**TASK ITEM**
The answer is the data repeated in full, with no pictures included.

━━━ STORED DATA

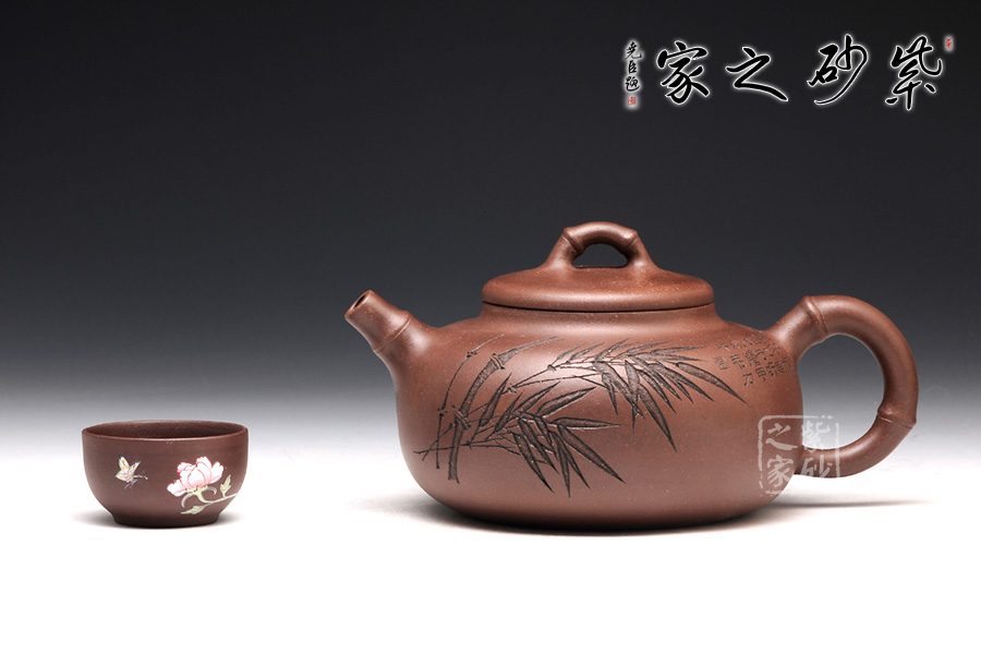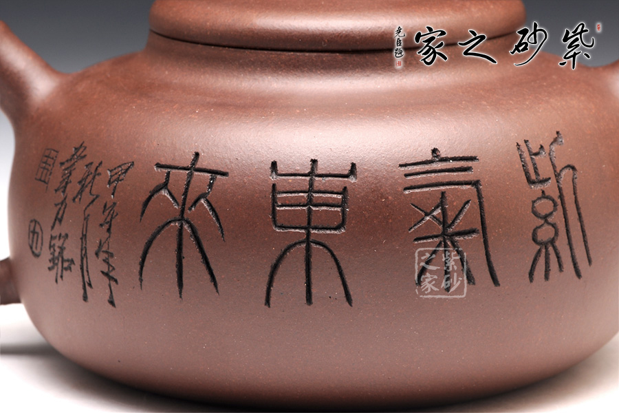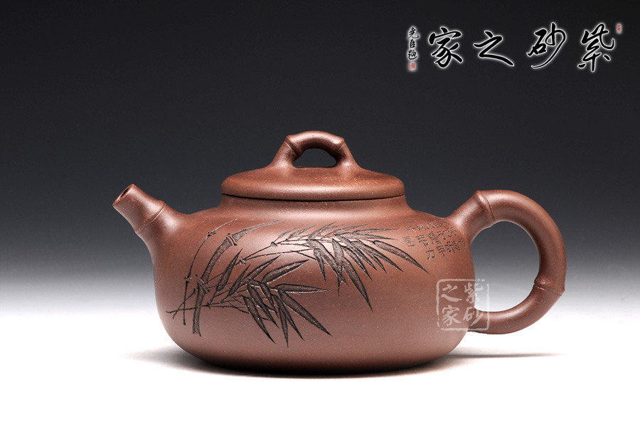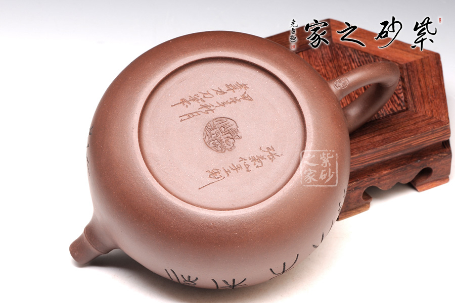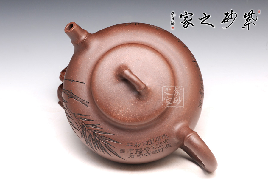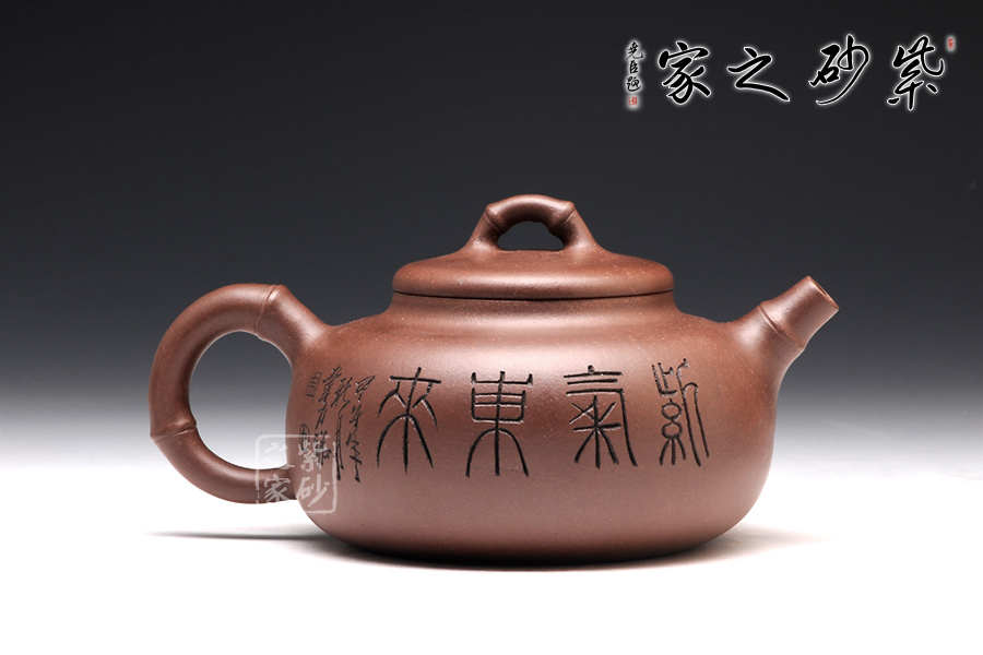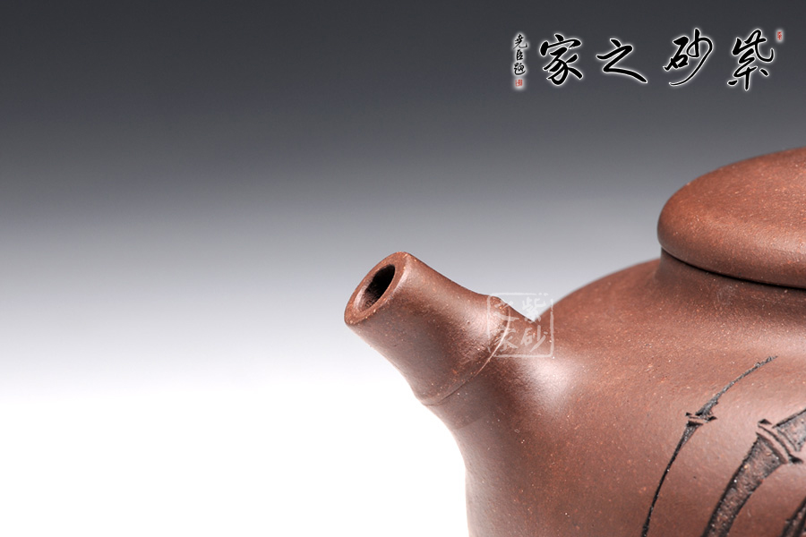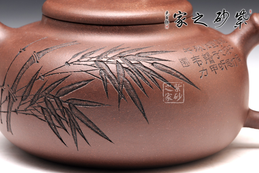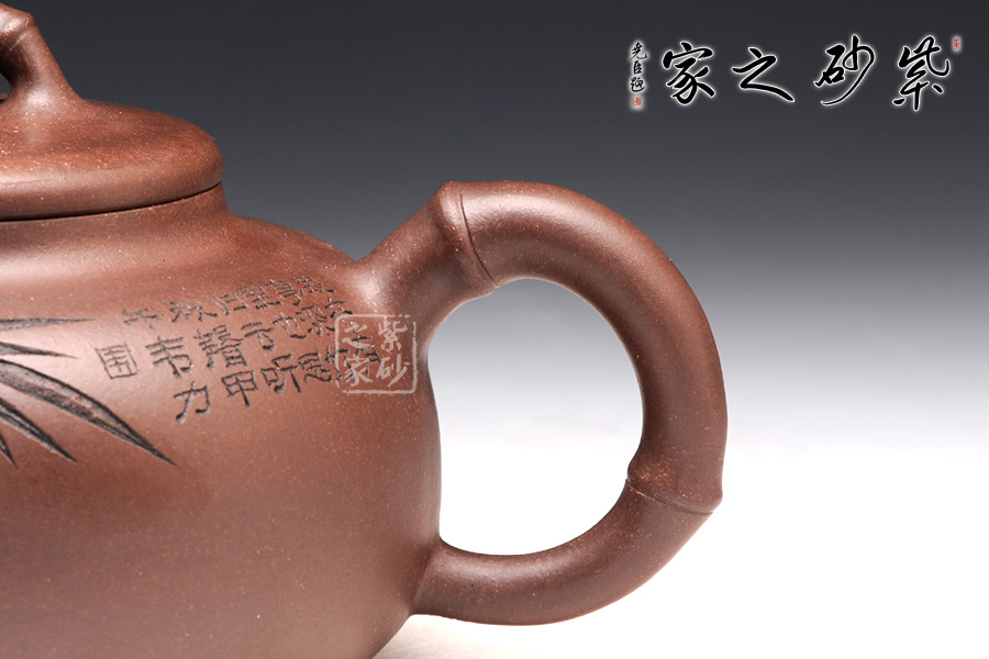 這是一款以“竹”為主題的作品,“竹”代表的是“祝福”的意思,寓意很好;壺身圓潤可愛, 加之原礦紫泥的色澤,醇和內(nèi)斂樸實(shí)無華,嘴、鈕、把均是竹節(jié)造型,竹節(jié)形橋形鈕蒼勁有力,平蓋踏實(shí)緊貼,嚴(yán)絲合縫,邊緣微微下沉,更見古拙老味,是一款氣密性極佳的好壺;這款壺壺身裝飾的竹葉并不是貼花的形式,而是采用了刻繪的形式,素刻的一枝竹葉蒼古、飄逸,靈秀之美呼之欲出;壺身正面篆刻的是“紫氣東來”四個(gè)字,寓意淺顯而美好,預(yù)示著祥瑞降臨;壺身極為飽滿,像是裝滿了福氣,沉甸甸的樣子。
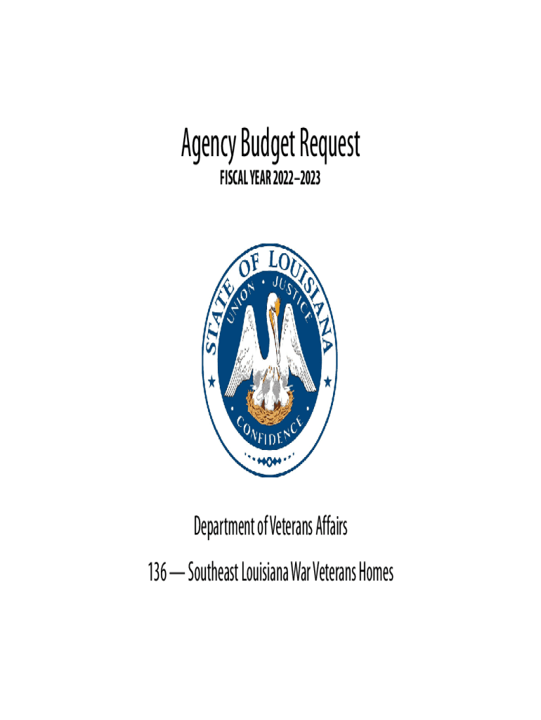 Agency Budget Request FISCAL YEAR 20222023Department of Veterans Affairs 136 Southeast Louisiana War Veterans Homestays page has been intentionally left blankSignature Page ..............................................................................................................................................................................................................1
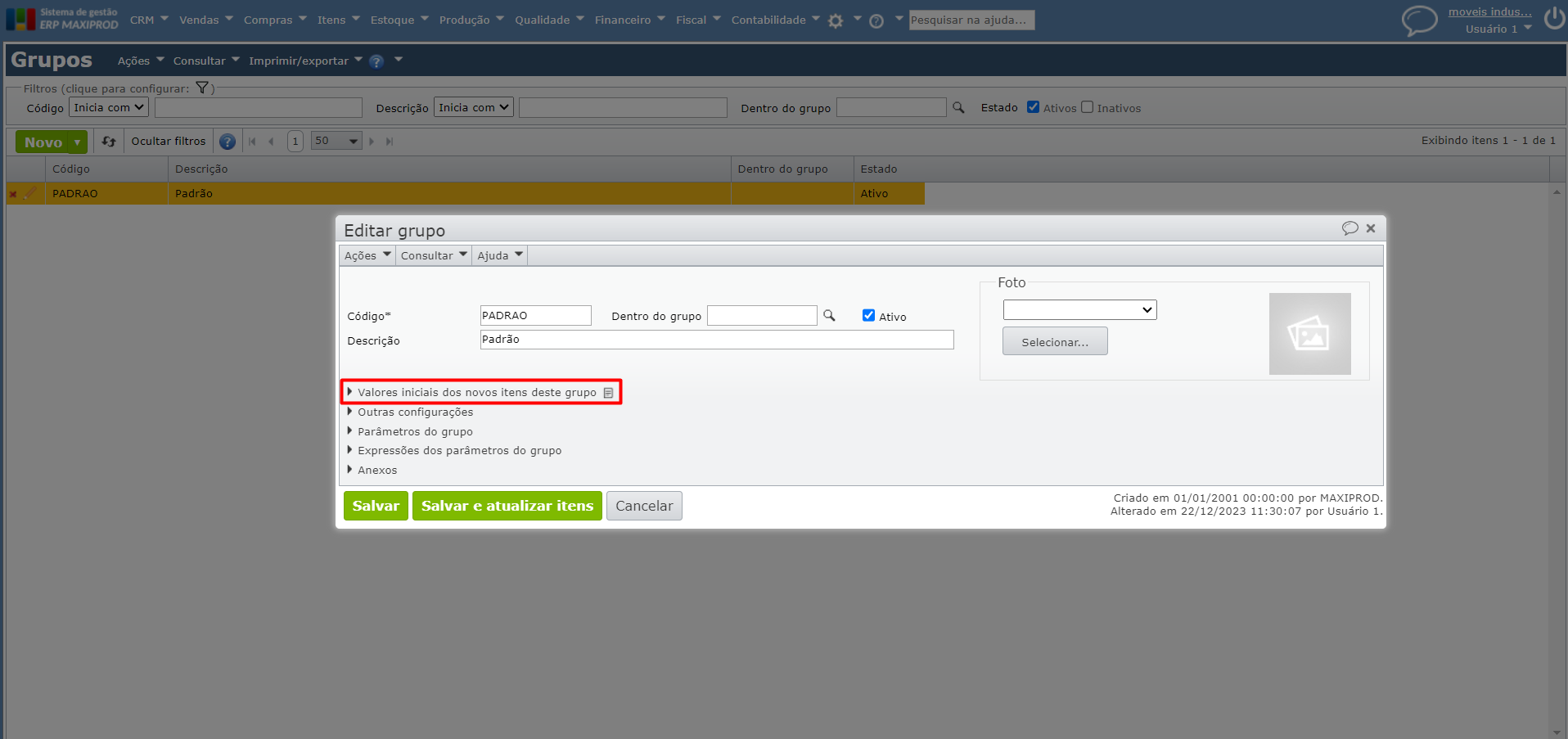 3) Clique na seção “Valores iniciais dos novos itens deste grupo“.
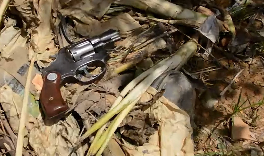 Com ele os policiais militares encontraram um revólver calibre 32 e na residência diversos aparelhos celulares e duas porções grandes de drogas

━━━━━━

**ANSWER BELOW**
 這是一款以“竹”為主題的作品,“竹”代表的是“祝福”的意思,寓意很好;壺身圓潤可愛, 加之原礦紫泥的色澤,醇和內(nèi)斂樸實(shí)無華,嘴、鈕、把均是竹節(jié)造型,竹節(jié)形橋形鈕蒼勁有力,平蓋踏實(shí)緊貼,嚴(yán)絲合縫,邊緣微微下沉,更見古拙老味,是一款氣密性極佳的好壺;這款壺壺身裝飾的竹葉并不是貼花的形式,而是采用了刻繪的形式,素刻的一枝竹葉蒼古、飄逸,靈秀之美呼之欲出;壺身正面篆刻的是“紫氣東來”四個(gè)字,寓意淺顯而美好,預(yù)示著祥瑞降臨;壺身極為飽滿,像是裝滿了福氣,沉甸甸的樣子。
 Agency Budget Request FISCAL YEAR 20222023Department of Veterans Affairs 136 Southeast Louisiana War Veterans Homestays page has been intentionally left blankSignature Page ..............................................................................................................................................................................................................1
 3) Clique na seção “Valores iniciais dos novos itens deste grupo“.
 Com ele os policiais militares encontraram um revólver calibre 32 e na residência diversos aparelhos celulares e duas porções grandes de drogas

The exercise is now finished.